不通过反转正向传播的方式计算sinkhorn迭代的梯度

问题设定

问题

注:$\odot$ 代表逐元素乘法。

  1. 输入矩阵: $X \in \mathbb{R}^{n \times n}$。

  2. $P = \exp(X)$(element-wise)。

  3. 通过对 $P$ 进行 Sinkhorn-knopp迭代,得到bistochastic matrix $R = \text{diag}(\alpha) P \text{diag}(\beta)$,其中 $\alpha, \beta \in \mathbb{R}^n_{>0}$ 是缩放因子,满足:

    • 行和约束:$R \mathbf{1} = \mathbf{1} \implies \alpha \odot (P\beta) = \mathbf{1}$
    • 列和约束:$R^T \mathbf{1} = \mathbf{1} \implies \beta \odot (P^T \alpha) = \mathbf{1}$
  4. 损失函数: $L = f(R)$,令 $G = \nabla_R L = \frac{\partial L}{\partial R}$ 为已知梯度。

目标

$L$ 对 $X$ 的梯度:$\frac{\partial L}{\partial X}$。

TLDR

通过使用CG方法求解下列方程:

$$\begin{bmatrix} I & R \\ R^T & I \end{bmatrix} \begin{bmatrix} u \\ v \end{bmatrix} = \begin{bmatrix} (G \odot R) \mathbf{1} \\ (G \odot R)^T \mathbf{1} \end{bmatrix}$$

可以得到 $L$ 对 $X$ 的梯度:

$$\nabla_X L = (G - u \mathbf{1}^T - \mathbf{1} v^T) \odot R$$

在前向sinkhorn-knopp迭代充分收敛的条件下,该方法能够收敛。

求解

我们的目标是求 $\frac{\partial L}{\partial X}$。

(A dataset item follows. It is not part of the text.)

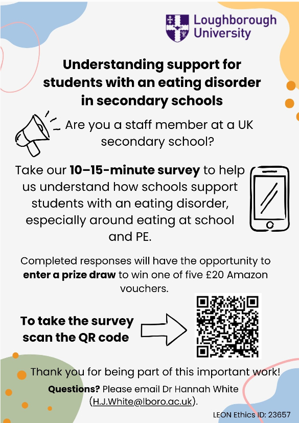 Loughborough University is inviting secondary school staff to take part in a short survey exploring how students with eating disorders are supported, particularly around eating in school and PE. Completed responses can enter a prize draw for one of five £20 Amazon vouchers.

根据链式法则:

$$\frac{\partial L}{\partial X} = \frac{\partial L}{\partial R} \cdot \frac{\partial R}{\partial P} \cdot \frac{\partial P}{\partial X}$$

由于 $P_{ij} = e^{X_{ij}} \implies \frac{\partial P_{ij}}{\partial X_{ij}} = P_{ij}$, 若能求出 $\frac{\partial L}{\partial P}$,最终结果就是 $\nabla_X L = \nabla_P L \odot P$。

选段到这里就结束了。